There is no indication that Samsung plans to abandon the thermocompression non-conductive film (TC-NCF) system, which has been considered inferior to SK Hynix's mass reflow-molded underfill (MR-MUF) technology in terms of yield, productivity, and heat dissipation performance. Samsung has consistently adhered to TC-NCF technology.
Chinese Pursuit Poses a Burden for All Big 3
The reason Vice Chairman Jeon Young-hyun of Samsung Electronics has gone 'all-in' on 1c DRAM and HBM4, even resorting to personnel reallocation, is based on the realistic goal of catching up with SK Hynix, the leader in HBM within the memory sector.
Recently, news of Chinese CXMT's mass production of high-value-added products (DDR5) has spread, fueling a sense of crisis in the industry that "falling behind in memory means the end." This concern applies to all Big 3 companies and is no exception for HBM. Increasing big tech orders in the ASIC (application-specific integrated circuit) domain, such as HBM, is the best card to outrun Chinese memory competition for a considerable period.

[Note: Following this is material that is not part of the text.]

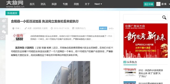 對(duì)合陽(yáng)縣德賢錦城小區(qū)違法加蓋建筑的查處和最終處理結(jié)果本報(bào)將繼續(xù)予以關(guān)注!(記者 張震 楊勇)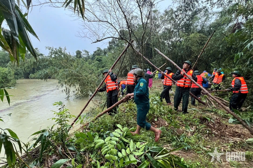 Các lực lượng đã huy động phương tiện, sử dụng các vật liệu như: Cọc gỗ, bạt, đất, đá để đắp, củng cố đoạn bờ bị sạt, kịp thời ngăn chặn nguy cơ sạt lở lan rộng, bảo đảm an toàn cho khu dân cư lân cận.

In particular, Samsung is advised to maximize its delivery performance related to smartphones like the Galaxy S25 before the 1c DRAM HBM4 market blooms at the end of the year. Park Yoo-ak, a researcher at Kiwoom Securities, said, "Through profitability improvements in the set business division (MX division) following the Galaxy S25 launch and expanded HBM sales to ASIC customers leading to growth in the DRAM segment's performance, Samsung Electronics is expected to achieve a turnaround in results in the first quarter."